Musonzah affirme que les salles de rédaction et les publications d’information « devraient présenter leurs reportages en veillant à ce qu’ils soient pertinents d’un point de vue pratique et qu’ils reflètent les réalités de la communauté. Il est important d’utiliser des supports visuels appropriés (images, diagrammes) et de veiller à ce que les voix des personnes touchées soient entendues afin de partager leurs histoires et leurs expériences ». Elle suggère que les organisations médiatiques travaillent avec les créateurs de contenu pour rendre les données climatiques divertissantes, car elles peuvent tirer parti des tendances actuelles des réseaux sociaux pour présenter le contenu climatique de manière à ce qu’il corresponde aux tendances, ce qui permet aux salles de presse de s’intéresser aux interviews sur les défis en vogue sur TikTok et Twitter.

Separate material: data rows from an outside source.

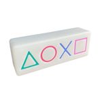 Luminária Playstation Controls Decoração Setup RetangularAdicione um toque moderno e estilizado ao seu setup com a Luminária Playstation Controls. Ideal para gamers e entusiastas de tecnologia, esta luminária retangular oferece uma iluminação eficiente e é perfeita para decorar seu espaço de jogos.- Design Temático: Inspirada nos icônicos controles de Playstation, é ideal para personalizar e embelezar seu setup de jogos com um toque de nostalgia e paixão pelos games.- Formato Retangular: O design retangular proporciona uma iluminação uniforme e contemporânea, adaptando-se bem a diversas configurações e destacando seu espaço de maneira estilosa.- Iluminação Eficiente: A luz emitida é clara e eficaz, iluminando bem o ambiente sem causar desconforto aos olhos, criando um ambiente acolhedor e agradável para jogar ou trabalhar.- Decoração do Setup: Perfeita para complementar e decorar seu setup de jogos, trazendo um elemento visual que reflete seu interesse por games e tecnologia.Especificações do produto:Material: Plástico polietileno, componentes eletrônicosDimensões: 11 x 30 x 7,5 cmTensão: Bivolt (110/220V)Informações de conservação: Limpar com pano úmidoInformações adicionais: Utiliza lâmpada LED até 10W ou fluorescente compacta (lâmpada NÃO inclusa). Para troca de lâmpada você precisará de uma chave philips pequena.Adicione um toque moderno e estilizado ao seu setup com a Luminária Playstation Controls. Ideal para gamers e entusiastas de tecnologia, esta luminária retangular oferece uma iluminação eficiente e é perfeita para decorar seu espaço de jogos.- Design Temático: Inspirada nos icônicos controles de Playstation, é ideal para personalizar e embelezar seu setup de jogos com um toque de nostalgia e paixão pelos games.- Formato Retangular: O design retangular proporciona uma iluminação uniforme e contemporânea, adaptando-se bem a diversas configurações e destacando seu espaço de maneira estilosa.- Iluminação Eficiente: A luz emitida é clara e eficaz, iluminando bem o ambiente sem causar desconforto aos olhos, criando um ambiente acolhedor e agradável para jogar ou trabalhar.- Decoração do Setup: Perfeita para complementar e decorar seu setup de jogos, trazendo um elemento visual que reflete seu interesse por games e tecnologia.Especificações do produto:Material: Plástico polietileno, componentes eletrônicosDimensões: 11 x 30 x 7,5 cmTensão: Bivolt (110/220V)Informações de conservação: Limpar com pano úmidoInformações adicionais: Utiliza lâmpada LED até 10W ou fluorescente compacta (lâmpada NÃO inclusa). Para troca de lâmpada você precisará de uma chave philips pequena.
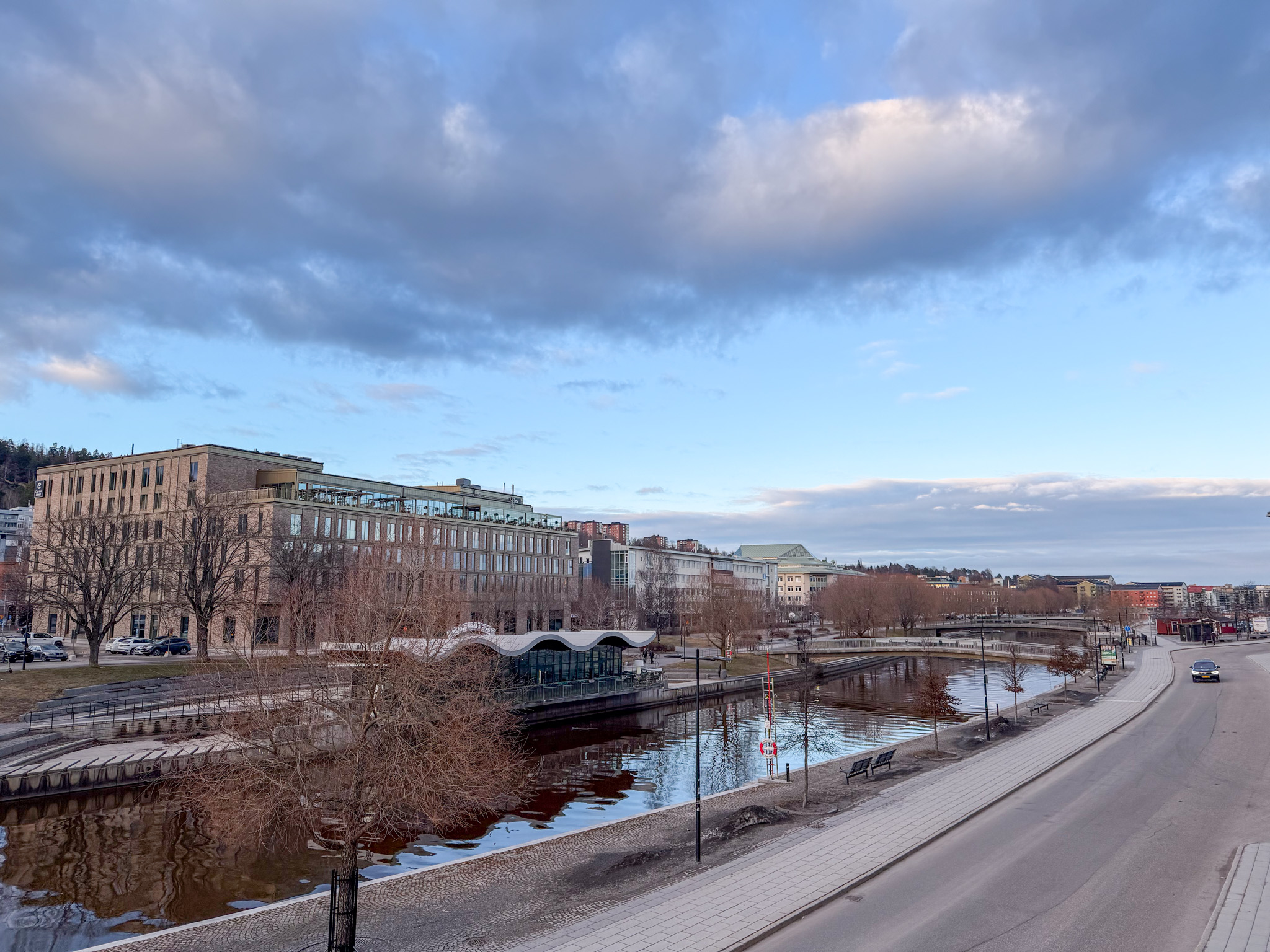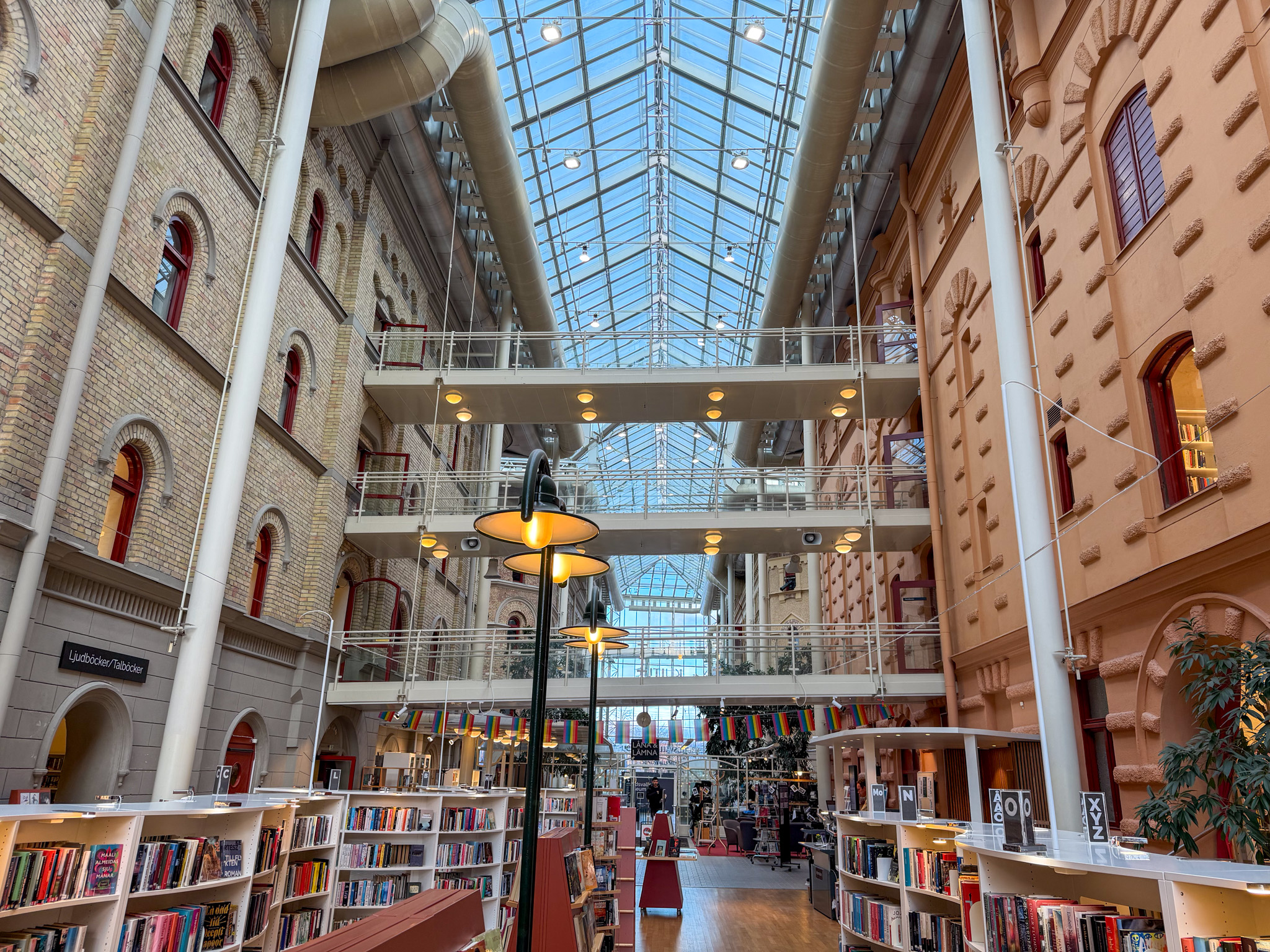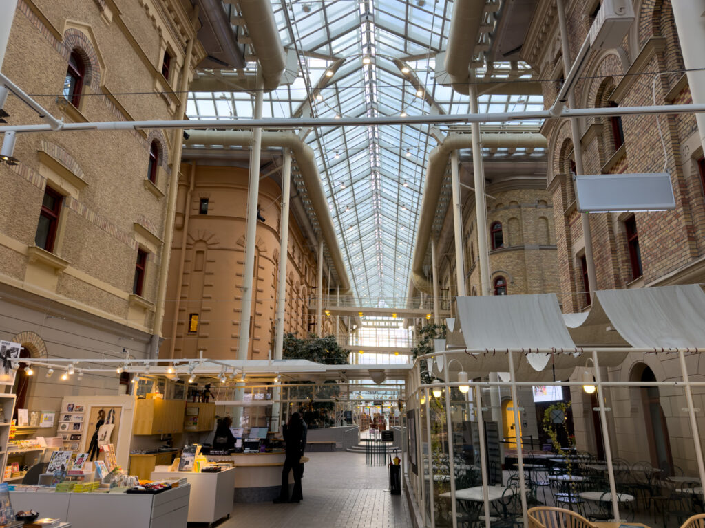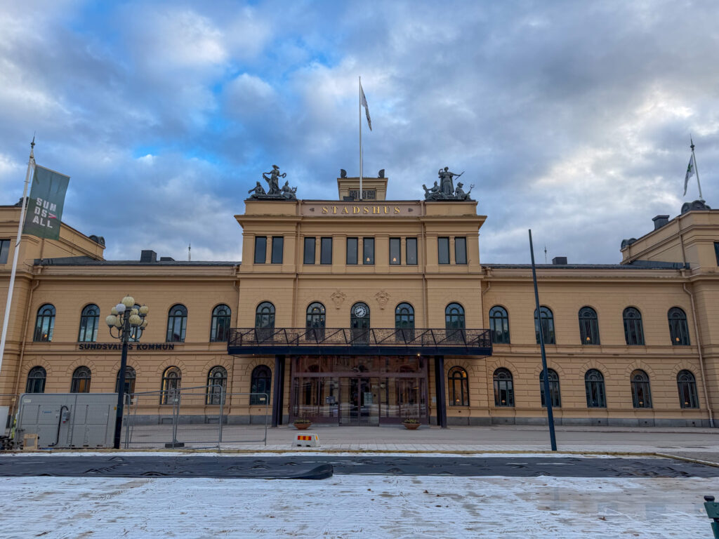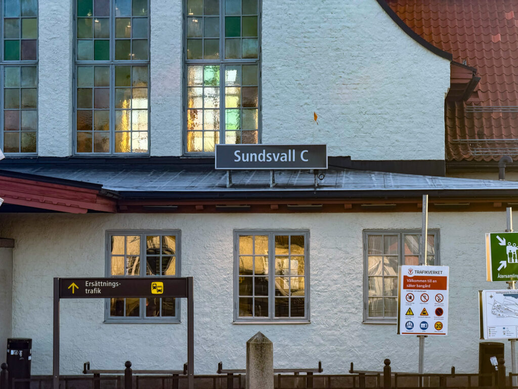 Our next train was held up for at least an hour as a broken down locomotive ahead of us was moved off the single track. Finally we arrived in Sundsval for our overnight. The architecture was quite beautiful, with clean lines and consistent four to five storey streetscapes. Very Parisienne. Notable was the glass covered galleria over the city museum and library.
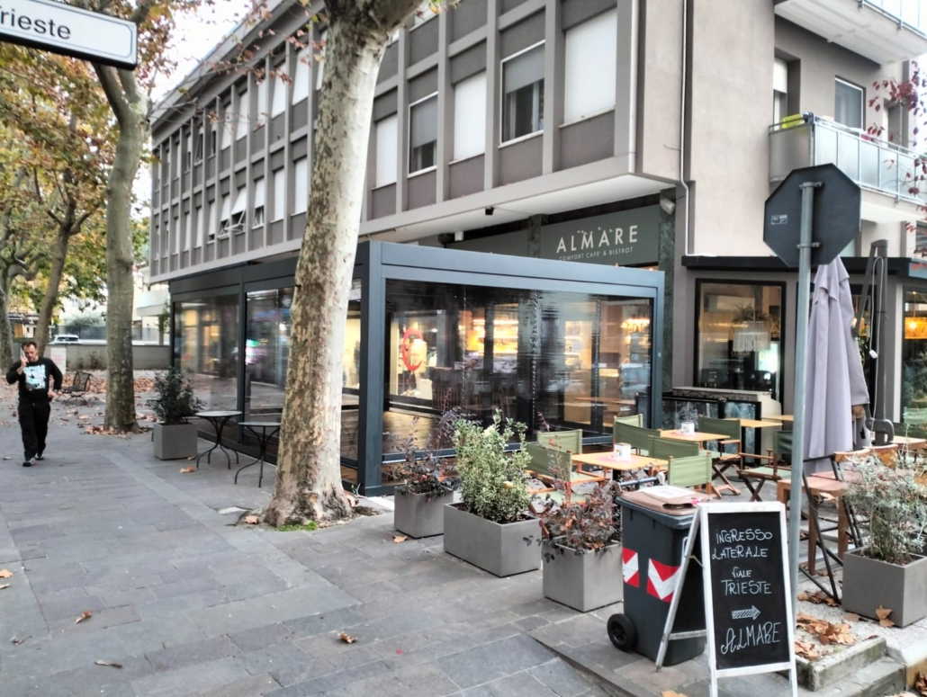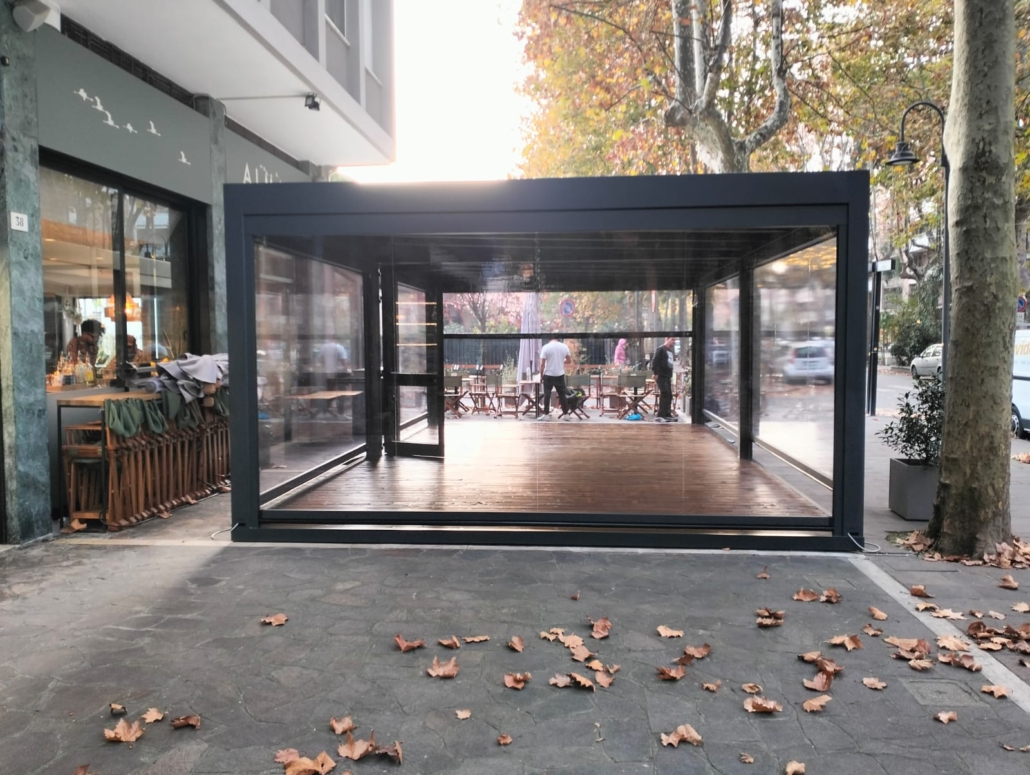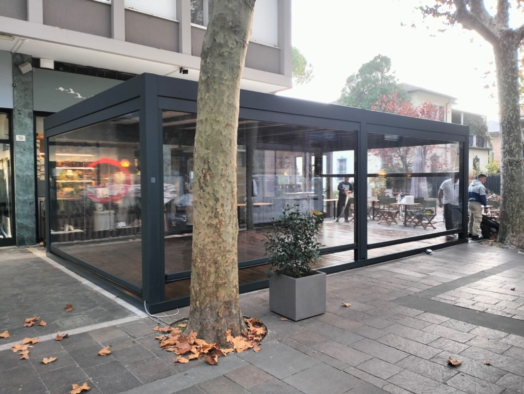 Il progetto nasce dall’esigenza di rendere lo spazio esterno pienamente fruibile anche durante l’inverno, mantenendo al tempo stesso una totale apertura visiva e una perfetta integrazione con il contesto urbano e lo stile innovativo del locale.
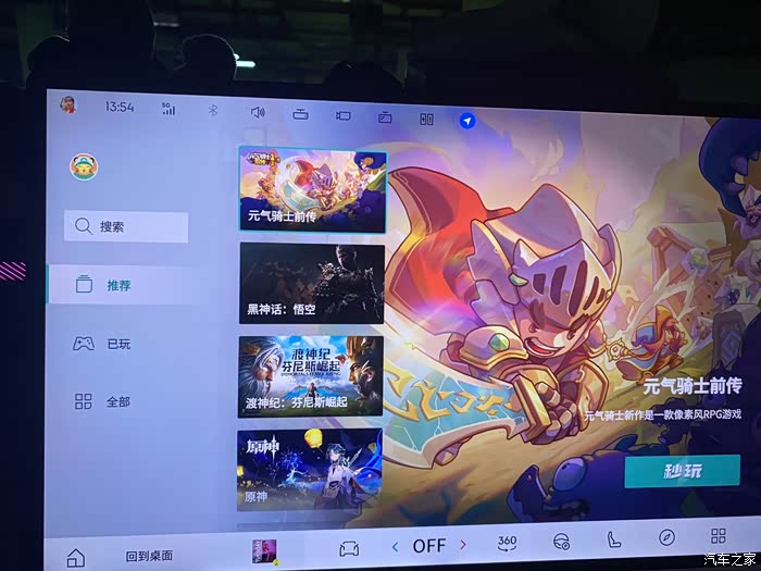 车机里的咪咕快游应用,打开有很多热门游戏,比如元神和黑神话悟空。
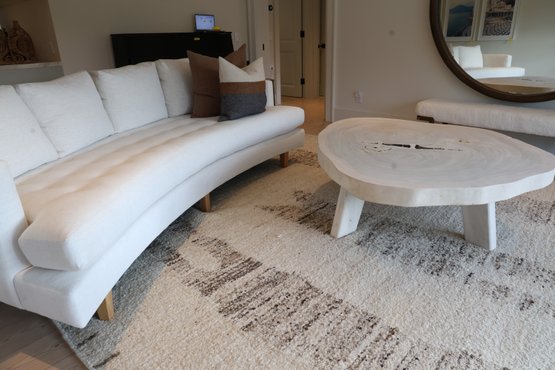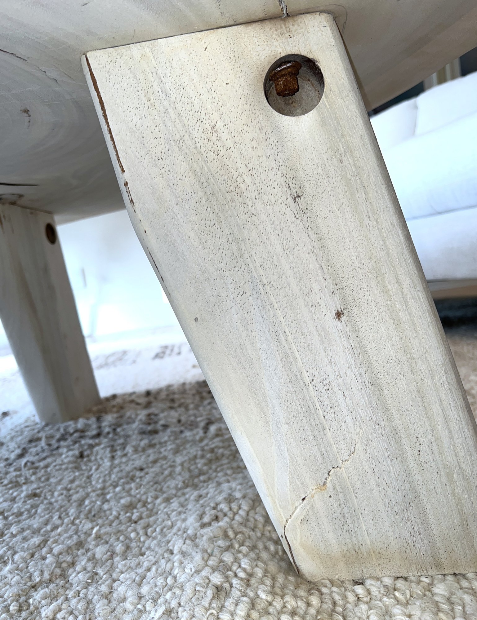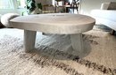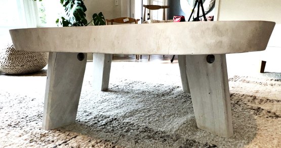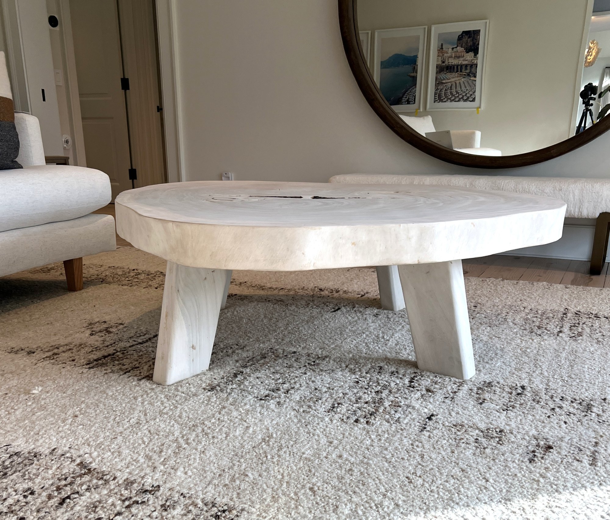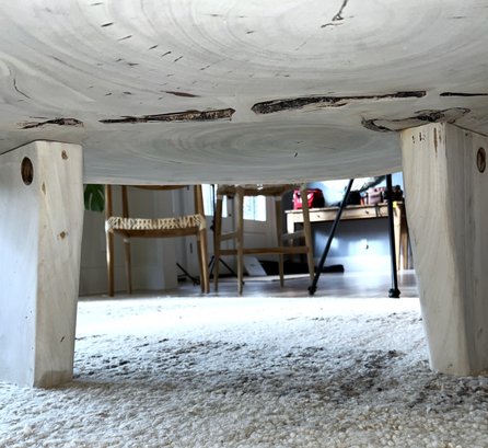 Live Edge Wood Slab Coffee Table with three legs, white-washed top. Very heavy—ask about our movers. Measures 51" x 54" x 18" H.

« Les reportages sur le climat ont besoin de dialogues prospectifs qui puissent être diffusés dans les salles de presse, et d’une sélection de personnes interviewées ayant une vision prospective de ce que les Africains font pendant que nous attendons que l’Occident nous rembourse plutôt que d’insister sur ce que nous voulons ou devrions faire en matière de réparation », déclare Musonzah, expliquant que « la salle de presse devrait promouvoir le fait que nous puissions faire face aux impacts liés au climat », Musonzah ajoute que « la salle de presse devrait donner le ton. Pour donner le ton dans la salle de presse, les organisations médiatiques devraient influencer le changement dans les politiques climatiques par des recommandations pratiques aux parties prenantes. Un autre aspect critique est que, alors que les appels à l’action climatique sont souvent dirigés vers le gouvernement, il est grand temps de reconnaître que les gouvernements africains ont été des leaders en matière de politique ».